Машу я не встречал. Только перед Рождеством я видел ее на извозчике и унес это воспоминание в затишье зимних лесов. Мне пришло в голову, что самым верным путем для знакомства с семьей директора может быть Вельский, и я попросил у него разрешения прийти к нему, прочитать мой перевод первого акта «Федры» Расина. Он пригласил меня в воскресенье к завтраку.
Вельский жил в большой холостой квартире первого этажа на Спиридоновке. У него был просторный кабинет, заваленный книгами, столовая и еще комната, где квартировал его друг — инженер. Завтрак подавала толстая и старая Домаша.
Перевод мой был ужасен и дубоват. Вельский разносил каждую строку. Чтобы научить меня, как надо писать александрийские стихи, он взял том Пушкина и прочел, скандируя, первые строки стихотворения «Муза».
В младенчестве моем она меня любила И семиствольную цевницу мне вручила.
Услышав «семиствольную», я устыдился количества мужских цезур в моих стихах, и на некоторое время женские цезуры стали для меня главным атрибутом музыкальности. Читал я потом Вельскому и мои собственные стихи, и он беспощадно и верно их критиковал. С этих пор я стал часто бывать у Вельского по воскресеньям.
Приближался март. Я как-то оживал и остро чувствовал весну. Вечера я обыкновенно проводил у Венкстернов. Весна стучалась в окно. В кабинете Венкстерна, где над большим диваном висели помпейские фрески, благодушный хозяин, надев на свой нос пенсне, читал мне отрывки своего перевода «Августовской ночи» Мюссе. Он подолгу работал над каждым стихом, пока не достигал полного совершенства и гармонии. Долго на его столе лежала белая рукопись, и на ней были написаны и много раз перечеркнуты и исправлены первые стихи:
С тех пор, как солнца диск, свершая вечный круг По огненной оси, прошел чрез тропик Рака,
Влачу я молча дни уныния и мрака И жду, когда меня вновь позовет мой друг.
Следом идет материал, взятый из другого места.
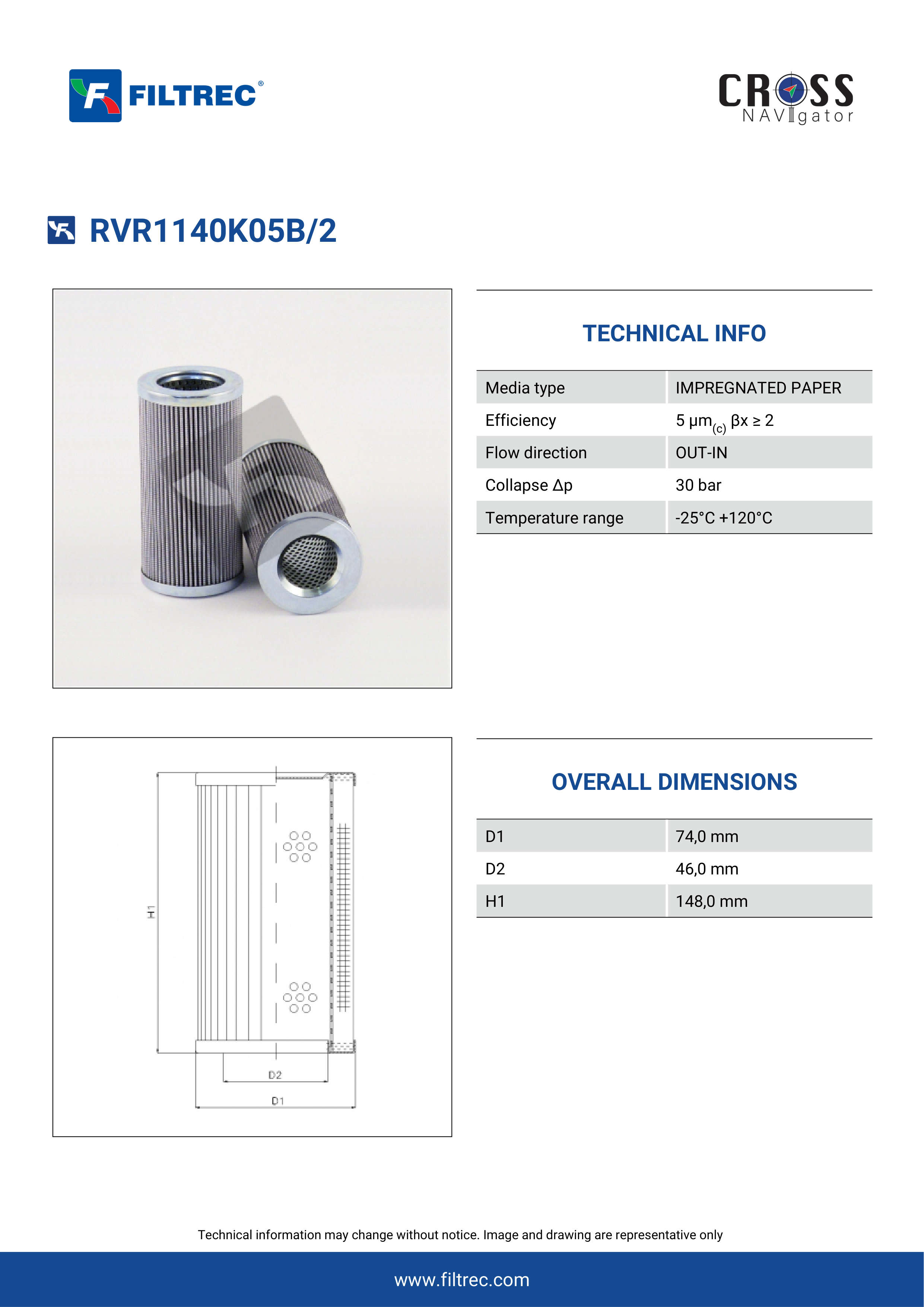 Genuine Filtrec RVR1140K05B/2. This Filtrec element is designed to meet or exceed the quality and performance of brand OEM’s ensuring superior filtration performance and long-lasting durability.Engineered with their high performance media and a durable design, the RVR1140K05B/2 provides reliable and consistent performance over its lifespan, even in harsh operating environments. When you order from FilterFinder, you can trust that you are getting a reliable and high-quality replacement filter that will keep your system running smoothly.
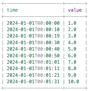 CREATE TABLE wzz (value DOUBLE);INSERT INTO wzz VALUES ('2024-01-01T00:00:00.000', 1.0),('2024-01-01T00:00:10.000', 2.0),('2024-01-01T00:00:19.000', 3.0),('2024-01-01T00:00:30.000', 4.0),('2024-01-01T00:00:40.000', 5.0),('2024-01-01T00:00:50.000', 6.0),('2024-01-01T00:01:01.000', 7.0),('2024-01-01T00:01:11.000', 8.0),('2024-01-01T00:01:21.000', 9.0),('2024-01-01T00:01:31.000', 10.0);

Иногда Венкстерн читал мне и свои собственные стихи. Писал он редко, но каждое его стихотворение было классично по форме и проникнуто истинным лиризмом. Я знал наизусть все, что выходило из- под его пера, и постоянно твердил стихи моим родителям. Отец мой, к моему огорчению, не разделял моих восторгов: почитывал новых поэтов, говоря, что, несмотря на множество чепухи, здесь все-таки есть зародыш будущей поэзии, «матерьял, приготовленный малыми для великого», как он выражался. Я упорно с этим спорил. Понемногу я более начинал себя чувствовать дома у Венкстернов, чем в нашей квартире, где ежедневно часами сидел и философствовал Боря Бугаев, бежавший из своей квартиры и своей семейной среды. С моим товарищем по классу Володей Венкстерном у меня собственно не было близости. Это был мальчик холодный, расчетливый и практичный, полное отрицание своего отца, перед которым он, однако, благоговел. Поэзия Алексея Алексеевича вся перешла в его девочек. Старшая Маруся все чаще смотрела на меня с любопытством своими черными умными глазками: в ее голове копошилось уже много нравственных и религиозных вопросов, о которых она не прочь бы была со мной поговорить, но не решалась от своей всегдашней исступленной застенчивости. Младшая Наташа брызгала остротами, которые особенно мило звучали при ее хрипловатом голоске.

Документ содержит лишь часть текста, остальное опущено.